Я широко раскрыл глаза и посмотрел на врача. Мне подумалось, что он битком набит кучей предрассудков, не свойственных для такого молодого человека. Скандальным образом! Где он только отыскал такие слова?
– Да, скандальным образом,– продолжал он,– живет тут неделю, три недели или пару месяцев, как ей захочется, и принимает у себя друзей – тоже из Парижа, так по крайней мере я предполагаю – таких же несерьезных, как и она. Мадам Шамбо и мадам Дорсет никогда и нигде не встречались, могу дать гарантию. Возвращаясь к мадам Шамбо, можно сказать, что она всегда была женщиной рассудительной. В этом смысле она со своей приятельницей мадам Бол-лар составляли отличную пару, если вы позволите мне так выразиться.
– В таком случае,– сказал я,– не думаю, что она вызвала меня к себе только лишь для того, чтобы убедиться, не прибавил ли я в весе
Доктор вздрогнул. Потом пробормотал с ошеломленным видом:
– К вашей компетенции? Вы… вы хотите сказать… что она отправила письмо и телеграмму не к другу…, а… к детективу?
– Для нее я всегда был главным образом детективом. Я видел ее в последний раз десять лет назад, и с тех пор она не давала мне о себе знать.
– Это невероятно!
– Так ведь я и работаю в основном в невероятных ситуациях.
– Но это нелогично!
– Я работаю также и в нелогичном. Например, трупы… Поверьте мне, доктор, во всем этом есть что-то непонятное. Вы не обязаны чуять это так, как я. У каждого своя профессия. Кстати, о профессии… тут, в этой смерти, действительно ничего ненормального нет?

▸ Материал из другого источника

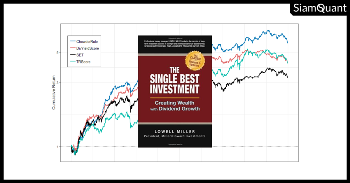 จากผลการวิจัยทดสอบย้อนหลัง เราได้ค้นพบว่า Chowder Rule นั้นมีส่วนช่วยในนักลงทุนได้รับทั้งผลตอบแทนและเงินปันผลที่เพิ่มขึ้นอย่างมีนัยยะ ซึ่งสอดคล้องกับแนวคิดจากหนังสือ The Single Best Investment ที่อาศัยการได้ประโยชน์ “สองเด้ง” จากทั้งราคาหุ้นที่เพิ่มขึ้นและเงินปันผลที่ได้รับ โดยเห็นได้ชัดว่าถึงแม้กลยุทธ์ DivYield Score นั้นจะได้รับเงินปันผลที่สูงกว่า Chowder Rule แต่ผลตอบแทนโดยรวมกลับต่ำกว่าอย่างมีนัยยะสำคัญ

– Ничего,– сухо ответил он, по всей вероятности, считая, что меня несколько занесло, если уж говорить о профессиональных привычках.– Ничего. Она умерла вчера. Могла бы умереть сегодня, завтра или позавчера. Ее болезнь…
И он, сломя голову, пустился по той области, где имел преимущество, затопив меня потоком ученых слов, как и Поло-механик, если не считать того, что его объяснения касались более сложной механики.
По ходу дела я постарался найти трещину в его рассуждениях, куда смог бы проникнуть и посеять сомнение в уме врача, но он был убежден в своих словах, и мне пришлось примириться с очевидностью: никакая преступная рука, казалось, не ускорила конец старой дамы.
– Ну что ж,– сказал я, когда он закончил свою лекцию и с торжеством ожидал, чтобы все это отлили в бронзе для дальнейшего серийного изготовления изделий с надписью: «Медицина и Разум, повергающие ниц Бред измышлений».– Что ж! Тем лучше для мадам Шамбо. Это позволит избежать для нее посмертного вскрытия.
– Да. Для нее и для вас. Вам бы рассмеялись в лицо.
– А я не стремлюсь к этому. Тем не менее это случилось бы впервые. Надеюсь, забудем прошлое?
– Забудем.
Он расслабился и, снисходительно улыбаясь, посмотрел на меня – истинный человек искусства, знающий, что его больные имеют свои маленькие слабости.
Мы обменялись еще парочкой незначительных замечаний, а потом я вынес на рассмотрение вопрос о письме.
Он немного нахмурился, но сказал все, что ему было известно по этому поводу.
– Я узнал о существовании этого знаменитого письма, только когда мадам Шамбо сказала мне: «Я написала Нестору Бюрма, детективу. Это такой друг, которого мне хотелось бы иметь рядом с собой. Он не ответил мне. Пожалуйста, отправьте ему телеграмму, что я удивлена, и попросите приехать». Это все.
– Мадам Шамбо была уже больна, когда написала это письмо?
– Да. Она, видимо, уточнила дату, но я уже не могу вспомнить. Во всяком случае, заболела она недели три назад. Не думаю, что письмо такое давнее.